In 1979, the New Museum inaugurated an ongoing exhibition series in the large window of the New School building facing 14th Street.Artists were encouraged to submit proposals for exhibiting works conceived especially for the site. These displays, initially lasting for approximately four weeks, were often mounted independently, but many were also curated in conjunction with larger exhibitions in the main galleries.
With the Museum’s move in 1983 to the Astor Building in Soho, the window series was expanded to encompass windows facing both Broadway and Mercer, with displays lasting approximately six weeks. Then, in December of the following year, the Window series were formally merged with the WorkSpace and New Work Gallery programs, under the umbrella of a new ongoing series called On View, focused on presenting work that had not received significant exposure in New York, as well as new works by more established artists. Displays were lengthened to eight weeks and were accompanied by brochures with essays and documentation, creating a sustained platform and critical apparatus for presenting emerging artists’ works.
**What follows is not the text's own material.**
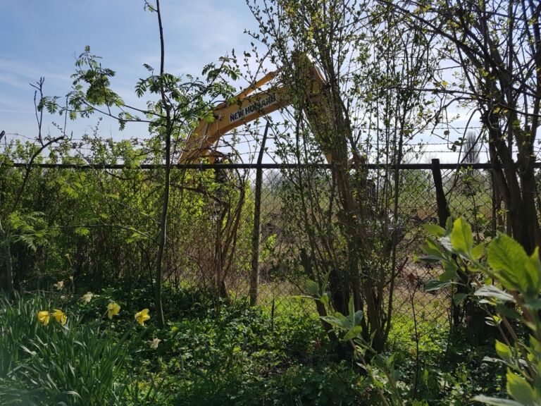 Toen werd het grote hek dat nog van de timmerfabriek was en er al zeker 60 jaar stond eruit getrokken, samen met de bomen die er door heen gegroeid waren. Dat was even slikken.

The Window series continued to operate as a means of engaging the public, and the immediacy with which artists could create and display installations via the Window format at times leant itself to the presentation of works that directly engaged current social and political issues. In 1987, curator William Olander invited AIDS activist group ACT UP to create the window installation and the resulting work, Let the Record Show…, provided information regarding the AIDS epidemic and depicted the crisis from a historical perspective. Subsequent installations by General Idea, Gran Fury, and PONY, as well as the Museum’s annual participation in Visual AIDS’ Day With(out) Art, also promoted awareness of the issue. Some political Window exhibitions elicited strong reactions from the public, including negative reactions. Erika Rothenberg’s installation Have You Attacked America Today?, was vandalized twice during its display in 1989-1990.
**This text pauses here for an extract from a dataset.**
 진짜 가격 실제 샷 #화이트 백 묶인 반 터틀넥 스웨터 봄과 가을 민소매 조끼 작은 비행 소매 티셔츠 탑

Intermittently throughout its history, the windows also became sites for performance. Gina Wendkos’ Four Blondes (1981) provides an early example of artists creating performance works that have a generative relationship to the art installation. With the launch of the On View program in December 1984, the Mercer window became the regular site of Linda Montano’s Seven Years of Living Art (1984 - 1991), a residency and performance in which Montano returned one day a month for seven years to give consultations on life and art to visitors. In 1998, the Museum celebrated a major gallery renovation with the performance series Noon to Midnight, which took place in the Broadway Window. Thereafter, the Window facing Broadway was increasingly used to stage performances in conjunction with major exhibitions that occurred in the main gallery, expanding its scope to include experimental music, dance, and performance art, as well as a live physique demonstration by female bodybuilders. Artists featured during this period included Julia Mandle, Claudia Triozzi, Bum Cello, Cildo Meirelles, and Claude Wampler.